Phytochemical Studies from the Roots of Girardinia heterophylla

Introduction

Girardinia heterophylla, commonly known as ‘DansKandali’, is abundantly found in the Himalayas. It can be seen growing extensively as an underutilized biomass in the forest areas situated in outskirts of the villages.Swollen base of roots of Girardinia heterophylla is used as soap/shampoo for washing. The leaves of this plant are boiled and cooked for vegetables. The whole plant is also used as cattle fodder to improve milk production. The stem portion of the plant yields the valuable fiber, which has been traditionally used by the tribal for making rope based products used for packing grains and transportation purpose. After extracting the fiber from the stem, residue of the bark portion is used as fuel wood. Traditionally, bark powder is also used as a bandage material for faster healing of wounds and setting of broken bones.

Girardinia heterophylla is among those plant species which have not been systematically studied for their biological active constituents in order to establish their potential use through its different parts viz. leaves, stem and roots. The availability, different uses and phytochemical examination of Girardinia heterophylla(Danskandali) have not been studied in Uttarakhand and scarce literature is available on the plant.

It is of immense importance to screen the medicinal plants growing in nature to find the additional source of bioactive compounds to be used for human welfare. The increasing global interest towards this interface between chemistry and biology has gained more importance and the public demand is continuously rising for the cost effective medications and biological agents from sustainable and natural resources.

The study mainly focuses on the phytochemical examination of species of Girardinia heterophylla grown in Mussoorie hills of Dehradun district of Uttarakhand state.

Material and methods

General experimental procedures

TLC Plates coated with silica gel G to a thickness of 0.25 mm were used. SD-fine silica gel (100-200 mesh) was used for column chromatography. Melting point was determined on a melting point apparatus in a sealed glass capillary tube and mixed melting point (m.m.p.) by authentic sample. GC-MS conditions for analyzing the compounds were TRAC-MS (Finnigancompany).

Plant material

The plant samples were collected from the Middle Himalayas at an altitudinal range of 22,00m to 25,00m in Mussoorie and Dhanaulti areas of Dehradun District. The plant samples of leaves, stem and roots were collected in the month of November 2010.

Extraction and Isolation

The roots (600g) of Girardinia heterophylla were milled after air drying and were  extracted with the solvent petroleum ether (60-80^oC) and methanol.
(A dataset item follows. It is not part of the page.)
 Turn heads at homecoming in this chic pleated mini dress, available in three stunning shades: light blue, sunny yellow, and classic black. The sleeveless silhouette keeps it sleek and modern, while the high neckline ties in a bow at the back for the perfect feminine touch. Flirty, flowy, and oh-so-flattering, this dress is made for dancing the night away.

The petroleum ether extract (2.57%) was obtained and further examined.Petroleum ether extract is column chromatographed over silica gel and elution of the column with varying amount of ethyl acetate in petroleum ether afforded three compounds having code of GHRPTA, GHRPTB and GHRPTC.
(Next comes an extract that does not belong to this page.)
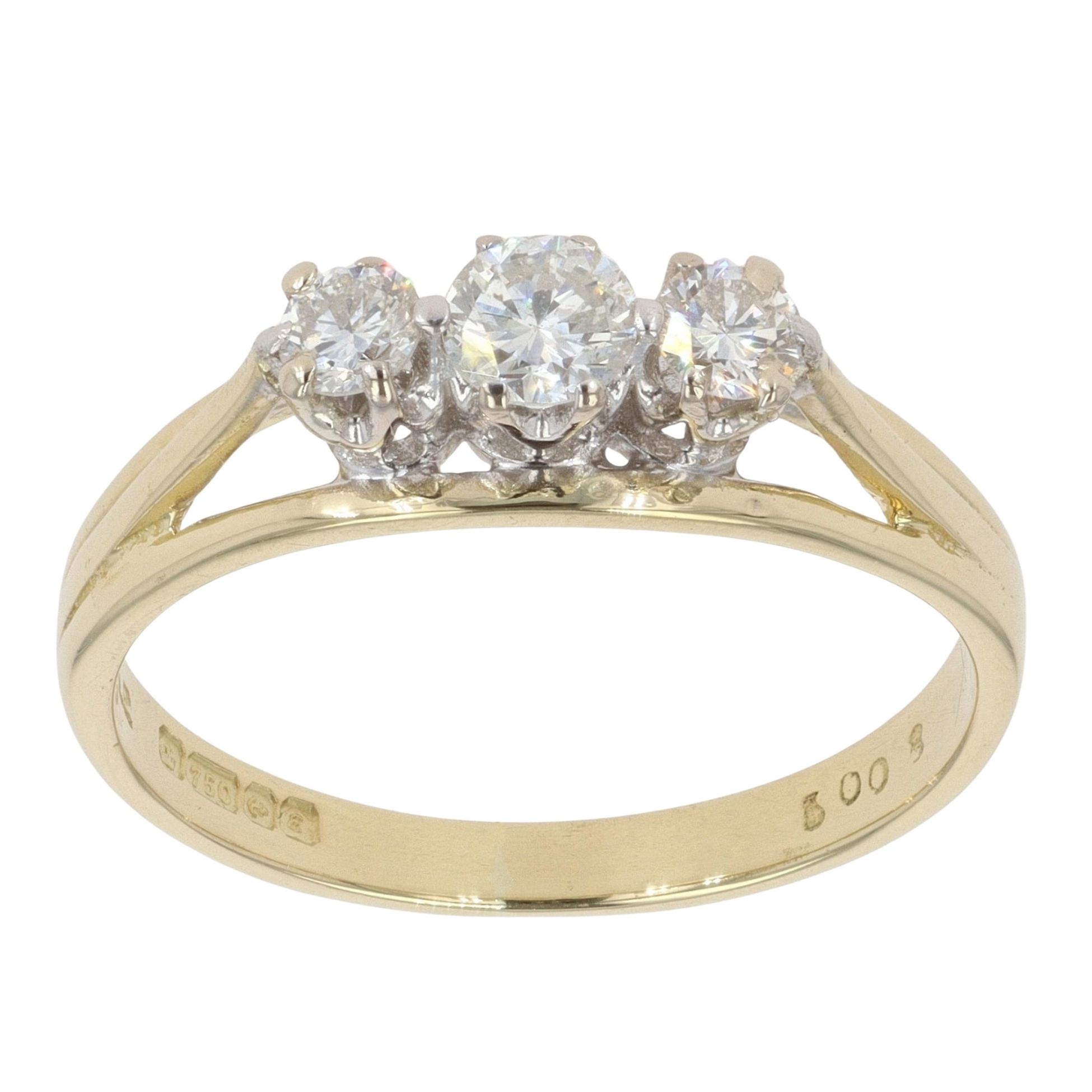 18ct Yellow Gold 0.50ct Brilliant Cut Diamond Trilogy Ring

Weight of petroleum ether extract                               = 15.42gm

Weight of silica gel used for adsorption of extract      = 75gm

Weight of silica gel used for building of column         = 322gm

Solvent used for packing column                                 = Petroleum ether

Retention volume                                                         = 435

Volume of each fraction                                              = 100 ml

The further details are given in table-1.

 

Table-1:Compounds of Petroleum Ether Extract of Root and their TLC system with Eluents Click here to View table

 

Results and Discussion

Three compounds were isolated from roots of Girardinia heterophylla having code numbers GHRPTA(β-sitosterol), GHRPTB (γ-sitosterol) and GHRPTC (Ursolic acid) are described hereunder.
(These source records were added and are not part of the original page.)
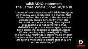 James Whale has been suspended by Talk Radio – for failing to treat a female guest with adequate chivalry.
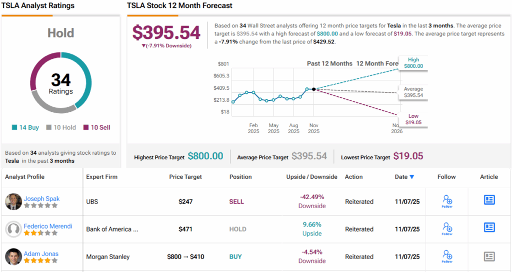As Fiorillo mentions, TSLA provokes a wide range of opinions, with price targets ranging vastly from a Street-high $800.00 to a low of $19.05. Its 14 Buys, 10 Holds, and 10 Sells give TSLA a consensus Hold rating, while a 12-month average price target of $395.54 implies a downside in the high single digits. (See TSLA stock forecast)
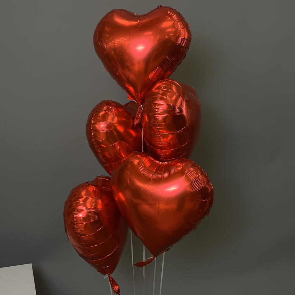 Набор из 5 воздушных шаров в форме сердца. Отличное дополнение к букету или основному подарку на 14 февраля, свидание или фотосессию.
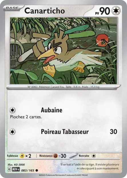 Ajoutez à votre collection Canarticho 83/165 en version Reverse Holo, le Pokémon de type Normal emblématique connu pour son célèbre poireau.
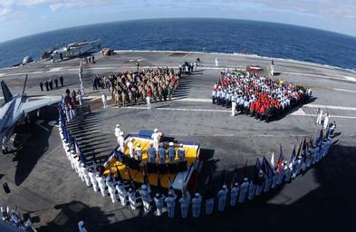 Keywords: US Navy 040615-N-9319H-034 On the flight deck aboard the aircraft carrier USS Ronald Reagan (CVN 76), crew members attend a remembrance memorial for former President Ronald Reagan.jpg en South Atlantic Ocean Jun 14 2004 - On the flight deck aboard the aircraft carrier USS Ronald Reagan CVN 76 crew members attend a remembrance memorial for former President Ronald Reagan The ship is currently in the South Atlantic Ocean circumnavigating South America while transiting to its new homeport of San Diego Calif U S Navy photo by Photographer's Mate 3rd Class Angel G Hilbrands RELEASED 2004-06-14 040615-N-9319H-034 Navy http //www navy mil/view_image asp id 15202 U S Navy photo by Photographer's Mate 3rd Class Angel G Hilbrands PD-USGov-Military-Navy Flight deck of USS Ronald Reagan CVN-76 |

Compound GHRPTA (β-sitosterol)

It was eluted with petroleum ether: ethyl acetate (98:2) on concentrating yielded white silky needles  (45mg, 0.008%, m.p. 136-137^oC), [α] _{D –} 100^oC (0.05 in CHCl₃). It gave Liebermann Burchard test for terpenoids and steroids,having molecular formula C₂₉H₅₀O. (M⁺, m/z 414). The GC-MS spectrum revealed the compound to be the β-sitosterol [Figure-1,2].  It was identified as β-sitosterol by direct comparison with an authentic sample (m.m.p., Co-TLC and superimposable IR) and by comparison of its mass spectrum (Figure-4A) with that provided in the NIST standard chart library.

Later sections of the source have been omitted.